Results of tests exploring the influence of tree shape on reconstructed tree distances.

shapeEffect

Format

A list of length 21. Each entry of the list is named according to the abbreviation of the corresponding method (see 'Methods tested' below).

Each entry is itself a list of ten elements. Each element contains a numeric vector listing the distances between each pair of trees with shape x and shape y, where:

x = 1, 1, 1, 1, 2, 2, 2, 3, 3, 4 and y = 1, 2, 3, 4, 2, 3, 4, 3, 4, 4.

As trees are not compared with themselves (to avoid zero distances), elements where x = y contain 4 950 distances, whereas other elements contain 5 050 distances.

Source

Scripts used to generate data objects are housed in the data-raw directory.

Details

For each of the four binary unrooted tree shapes on eight leaves, I labelled leaves at random until I had generated 100 distinct trees.

I measured the distance from each tree to each of the other 399 trees.

For analysis of this data, see the accompanying vignette.

Methods tested

  • pid: Phylogenetic Information Distance (Smith 2020)

  • msid: Matching Split Information Distance (Smith 2020)

  • cid: Clustering Information Distance (Smith 2020)

  • qd: Quartet divergence (Smith 2019)

  • nye: Nye et al. tree distance (Nye et al. 2006)

  • jnc2, jnc4: Jaccard-Robinson-Foulds distances with k = 2, 4, conflicting pairings prohibited ('no-conflict')

  • joc2, jco4: Jaccard-Robinson-Foulds distances with k = 2, 4, conflicting pairings permitted ('conflict-ok')

  • ms: Matching Split Distance (Bogdanowicz & Giaro 2012)

  • mast: Size of Maximum Agreement Subtree (Valiente 2009)

  • masti: Information content of Maximum Agreement Subtree

  • nni_l, nni_t, nni_u: Lower bound, tight upper bound, and upper bound for nearest-neighbour interchange distance (Li et al. 1996)

  • spr: Approximate SPR distance

  • tbr_l, tbr_u: Lower and upper bound for tree bisection and reconnection (TBR) distance, calculated using TBRDist

  • rf: Robinson-Foulds distance (Robinson & Foulds 1981)

  • icrf: Information-corrected Robinson-Foulds distance (Smith 2020)

  • path: Path distance (Steel & Penny 1993)

References

Bogdanowicz D, Giaro K (2012). “Matching split distance for unrooted binary phylogenetic trees.” IEEE/ACM Transactions on Computational Biology and Bioinformatics, 9(1), 150--160. doi: 10.1109/TCBB.2011.48 .

Li M, Tromp J, Zhang L (1996). “Some notes on the nearest neighbour interchange distance.” In Goos G, Hartmanis J, Leeuwen J, Cai J, Wong CK (eds.), Computing and Combinatorics, volume 1090, 343--351. Springer, Berlin, Heidelberg.
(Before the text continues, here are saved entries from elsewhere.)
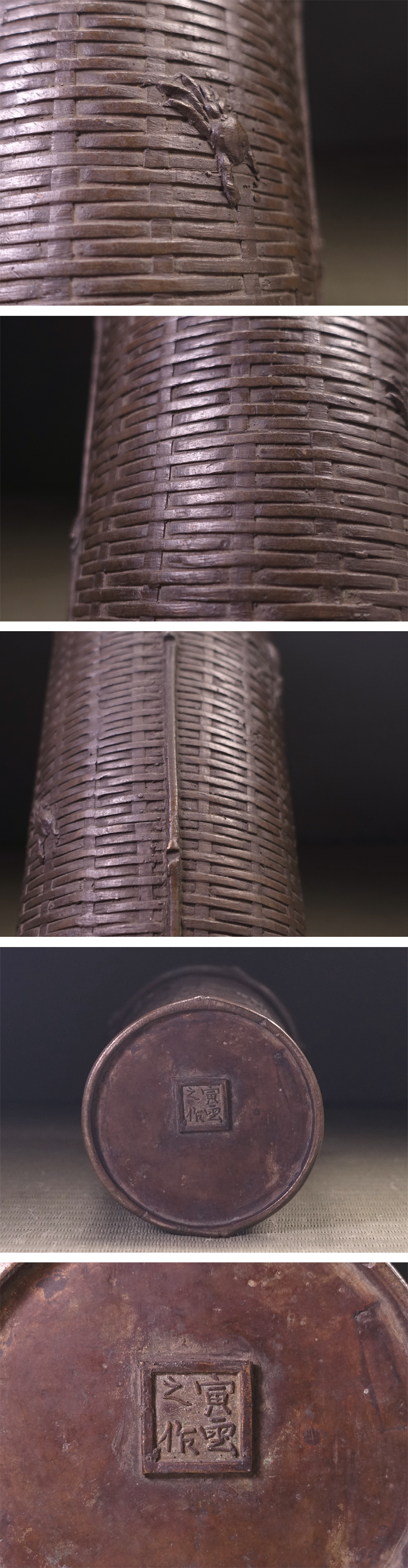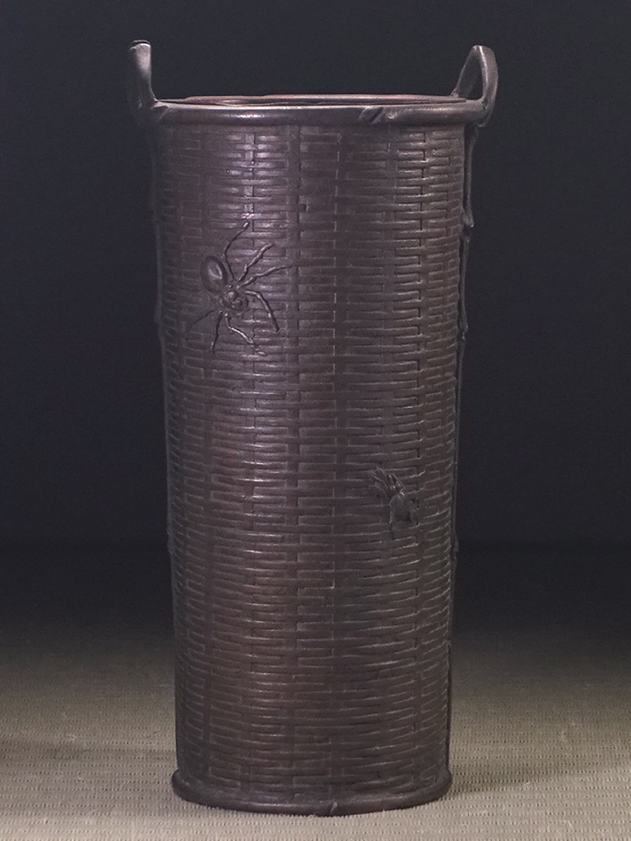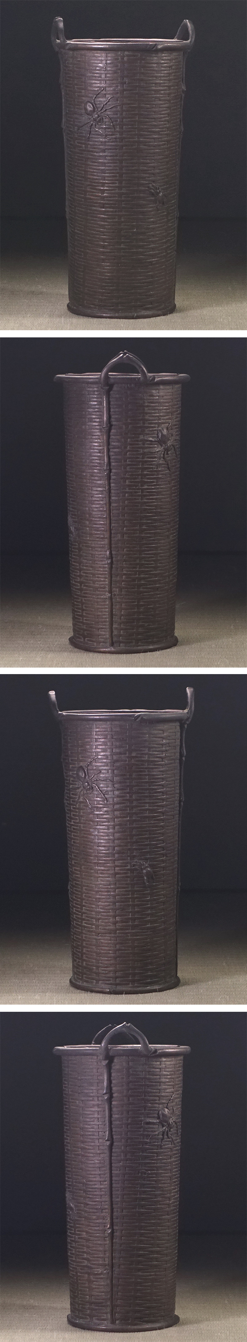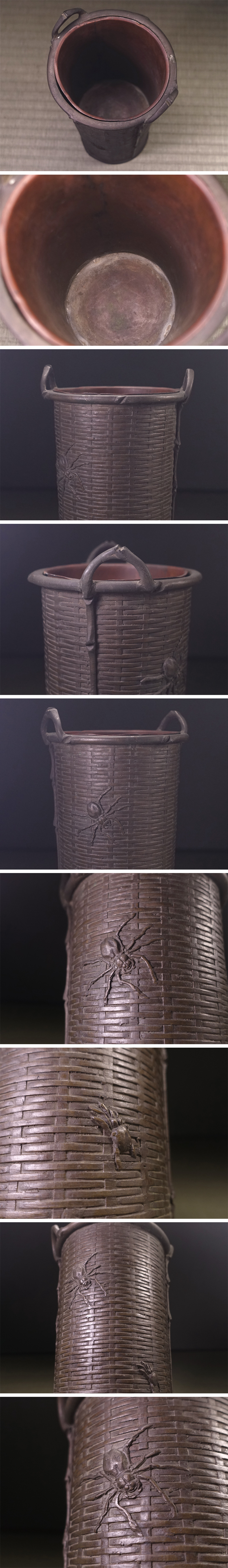∇花∇【金工師寅雲】作 銅製蜘蛛這竹組花籃 竹花籠を模した時代金工の秀作 收藏
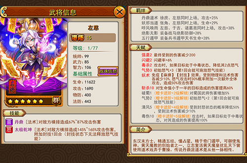 从《放开那三国》上架以来,被喷的最多的估计也就是左慈了,伤害低,缘分渣,封技搞笑控制,这回更新算是翻了身。怒气的伤害系数已然高过了橙卡张飞,总算是对得起了限时的身价。虽说封技依然搞笑,但毒伤10简直无情啊,直接翻倍的节奏。特别一提的是,左慈摆阵妥妥的放后排,跟在贾诩吕布之后,封技什么的请无视,输出绝不会少于目前的加+7紫于吉(用过的应该知道目前群雄于吉比吕布更加残暴)。哎,啥也不说了刚看到这个技能妥妥吓尿了,如果加上斩杀,半管血以下的都得死,橙将后瞬间成两个将,没办法,谁让人家是限时呢。
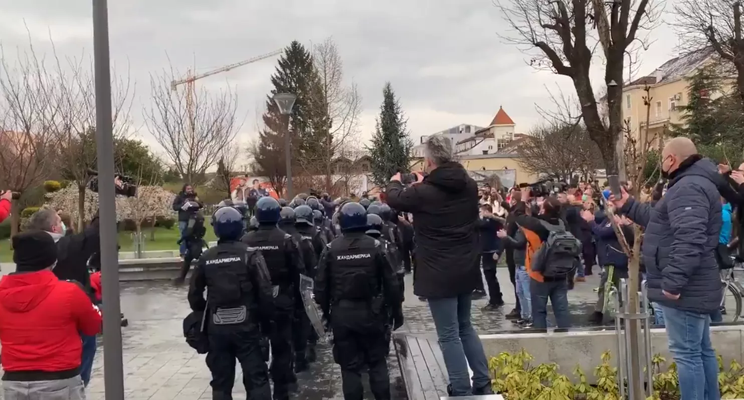 Policajci su u više navrata pokušavali usmenim naredbama uticati na građane da se raziđu zbog nepoštovanja epidemioloških mjera.
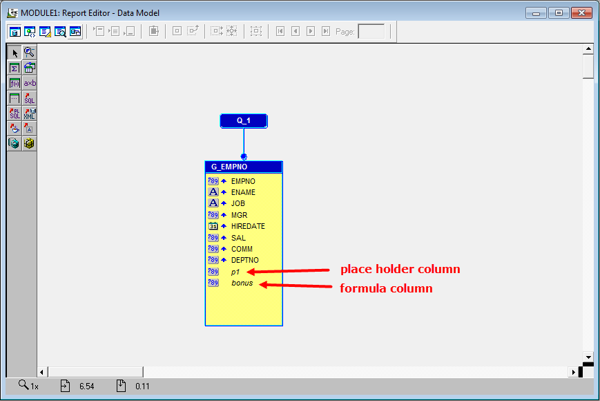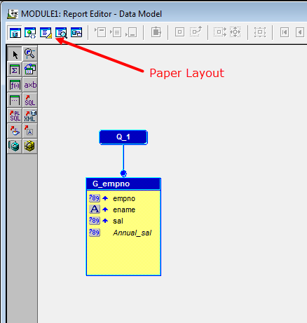 Invoke the report wizard by click on Tools Report Wizard Create both Web and Paper Layout Select Tabular SQL Query Data source definition : select * from emp ( Query is present ) Move all the fields from Available Fields to Displayed Fields ( Observer we have 10 fields ) Next Next Select No template Finish
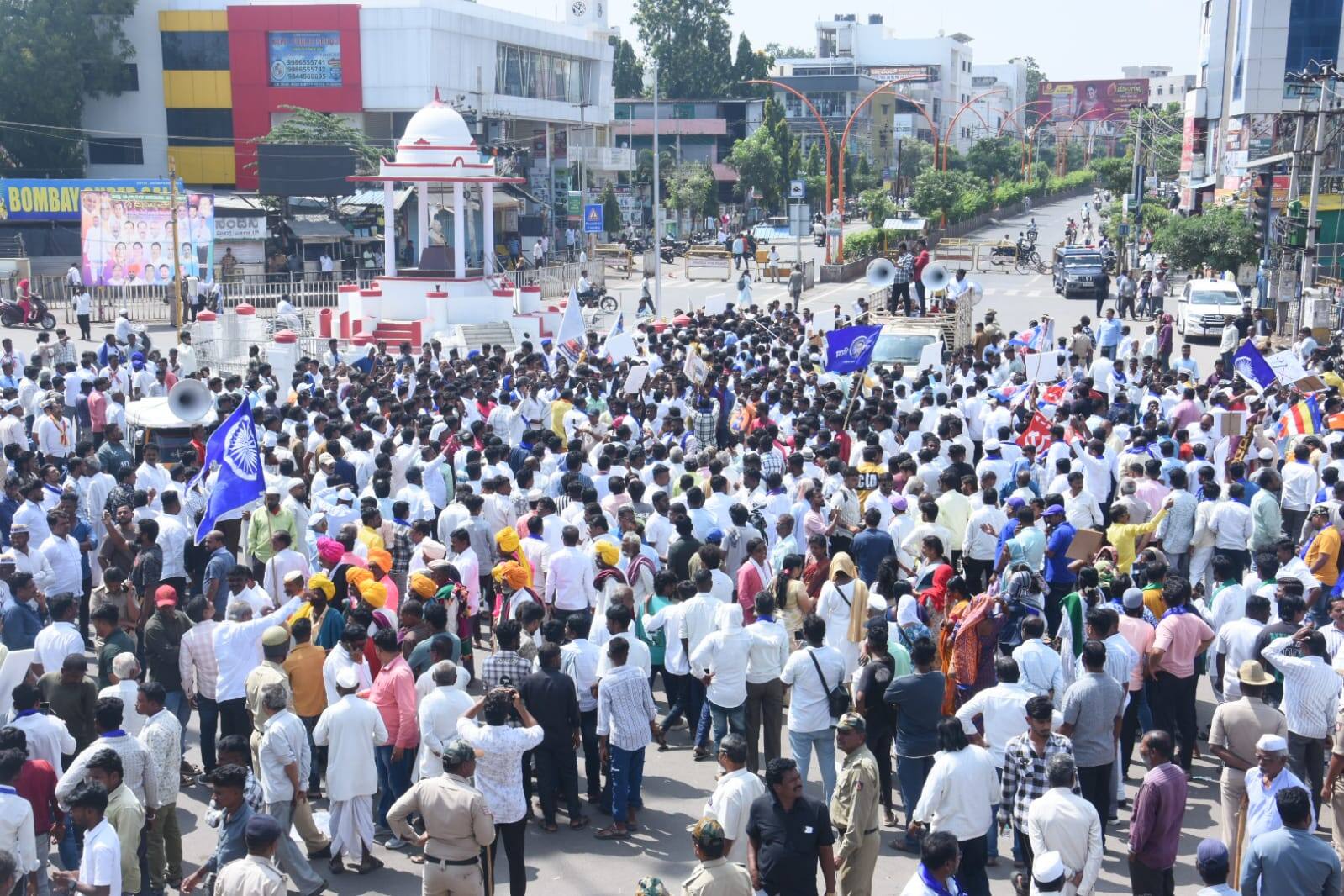 ವಿಜಯಪುರ ಜಿಲ್ಲಾ ಬಂದ್ ಬಹುತೇಕ ಯಶಸ್ವಿಕನ್ನಡಪ್ರಭ ವಾರ್ತೆ ವಿಜಯಪುರ ಸುಪ್ರೀಂಕೋರ್ಟ್ ಮುಖ್ಯ ನ್ಯಾಯಮೂರ್ತಿ ಬಿ.ಆರ್.ಗವಾಯಿ ಅವರ ಮೇಲೆ ಶೂ ಎಸೆಯುವ ಪ್ರಯತ್ನ ಖಂಡಿಸಿ ವಿವಿಧ ದಲಿತಪರ ಸಂಘಟನೆಗಳು ಕರೆ ನೀಡಿದ್ದ ವಿಜಯಪುರ ಬಂದ್ ಬಹುತೇಕ ಯಶಸ್ವಿಯಾಗಿದೆ. ಬಂದ್ ಪ್ರಯುಕ್ತ ಬೃಹತ್ ಪ್ರತಿಭಟನಾ ಮೆರವಣಿಗೆ ನಡೆಸಲಾಯಿತು. ಜಿಲ್ಲೆಯ ಪ್ರಗತಿಪರ ಸಂಘಟನೆಗಳು, ದಲಿತ ಸಂಘಟನೆಗಳು, ಮಹಿಳಾ ಸಂಘಟನೆಗಳು, ವಿದ್ಯಾರ್ಥಿ ಸಂಘಟನೆಗಳು, ಬುದ್ಧಿಜೀವಿಗಳು ಭಾಗವಹಿಸಿದ್ದರು.
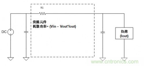 圖1. 線性穩(wěn)壓器框圖。注意,旁路元件將在其自身和負(fù)荷之間形成一個(gè)分壓器,起到耗散功率的作用。
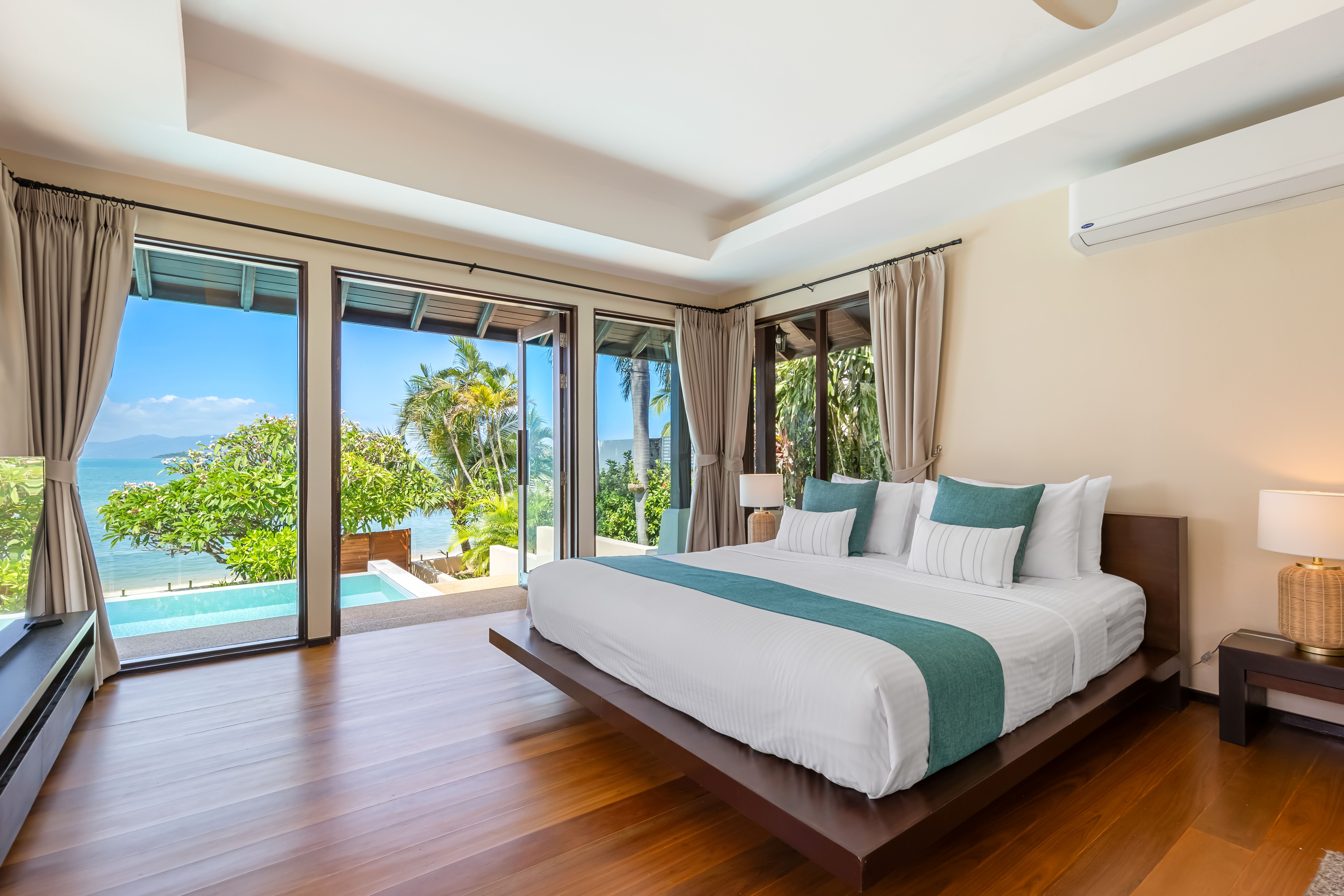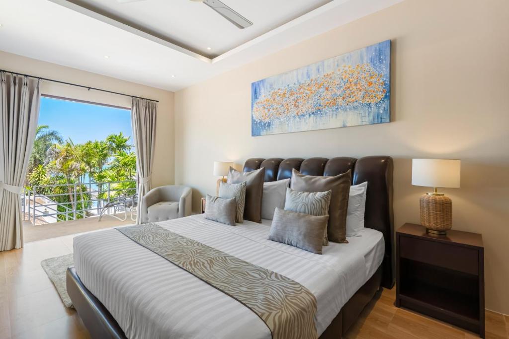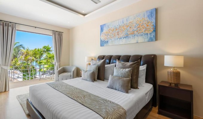 La suite parentale offre une vue panoramique sur la mer et se trouve à seulement quelques pas du sable blanc et fin.
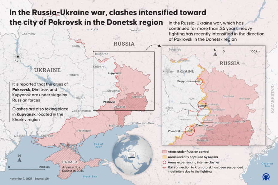 Predsednik Ukrajine Volodimir Zelenski izjavio je ranije ove nedelje da je Rusija u tom regionu koncentrisala oko 170.000 vojnika kako bi pojačala ofanzivu na Pokrovsk.
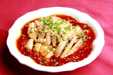 9、鸡肉切成大小合适的块,码放在碗里,淋上调好的辣椒红油,最后撒上葱花即可。
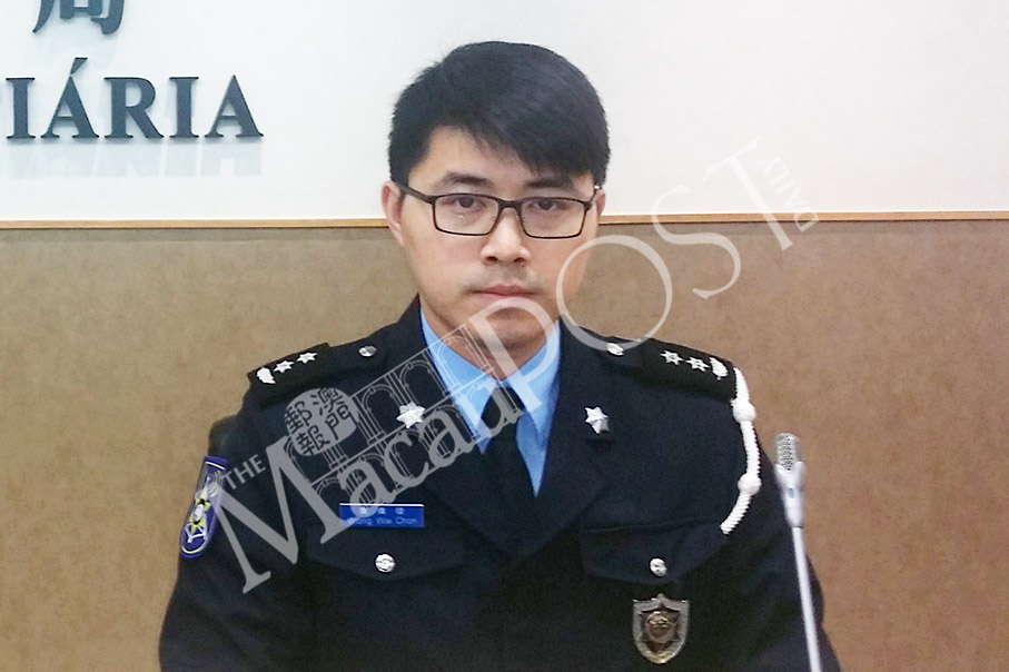 Public Police Security (PSP) spokesman Wong Wai Chon poses during yesterday’s regular press conference. Photo: Kristy Chan

ISBN 978-3-540-61332-9 978-3-540-68461-9, doi: 10.1007/3-540-61332-3_168 .

Kendall M, Colijn C (2016). “Mapping phylogenetic trees to reveal distinct patterns of evolution.” Molecular Biology and Evolution, 33(10), 2735--2743. doi: 10.1093/molbev/msw124 .

Nye TMW, Liò P, Gilks WR (2006). “A novel algorithm and web-based tool for comparing two alternative phylogenetic trees.” Bioinformatics, 22(1), 117--119. doi: 10.1093/bioinformatics/bti720 .

Robinson DF, Foulds LR (1981). “Comparison of phylogenetic trees.” Mathematical Biosciences, 53(1-2), 131--147. doi: 10.1016/0025-5564(81)90043-2 .

Smith MR (2019). “Bayesian and parsimony approaches reconstruct informative trees from simulated morphological datasets.” Biology Letters, 15, 20180632. doi: 10.1098/rsbl.2018.0632 .

Smith MR (2020). “Information theoretic Generalized Robinson-Foulds metrics for comparing phylogenetic trees.” Bioinformatics, online ahead of print. doi: 10.1093/bioinformatics/btaa614 .

Steel MA, Penny D (1993). “Distributions of tree comparison metrics---some new results.” Systematic Biology, 42(2), 126--141. doi: 10.1093/sysbio/42.2.126 .

Valiente G (2009). Combinatorial Pattern Matching Algorithms in Computational Biology using Perl and R, CRC Mathematical and Computing Biology Series. CRC Press, Boca Raton.